| HN Mirror

Y	Hacker News new \| ask \| show \| jobs

by cjbprime 1144 days ago

I think that some LLMs (mainly just GPT-4) should be considered as refutations to the Stochastic Parrot idea, which was published in March 2021 and claims no LLM can have "any model of the world". It was a reasonable (though perhaps overconfident) paper for authors who had only used GPT-3 to publish, but there is now ample evidence of world modeling, including published academic evidence, for GPT-4. I think the following claim from the paper is also deeply incorrect and confused:

> an LM is a system for haphazardly stitching together sequences of linguistic forms it has observed in its vast training data, according to probabilistic information about how they combine, but without any reference to meaning: a stochastic parrot.

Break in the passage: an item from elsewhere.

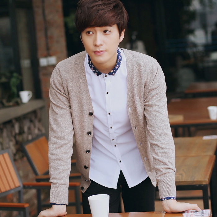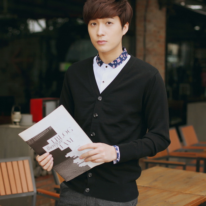 潮流男士纯色V领毛衣开衫外套韩版男装春秋长袖针织衫休闲薄外搭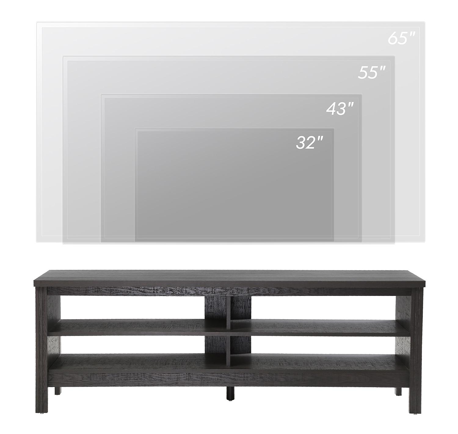 Large Capacity This TV stand is perfect for TVs up to 65 inch TV.4 open shelves with big capacity allow you to storage the books, magazines, CDs and any other media or gaming devices.

Next token prediction is a function of tokens/words, but that doesn't preclude that prediction depending on meaning, and the best predictions obviously do depend on meaning. It is not clear, at least to me, that next token prediction leads to any kind of upper bound on intelligence. It is always possible to incorporate more of the descriptions of the world obtained through the training data into your predictions to improve them.

But I think you've missed an important distinction. The stochastic parrot claim can be false, not because LLMs can or will ever feel or be conscious, but because they can (today) reason and solve novel problems (the capability is there, but it is unreliable). LLMs are not probabilistically regurgitating their training sets; they're applying the learning they took away from those training sets.

I think GPT-4 can reason today, but I don't think it can feel or is conscious, and I don't expect it to be capable of those things in its current architecture.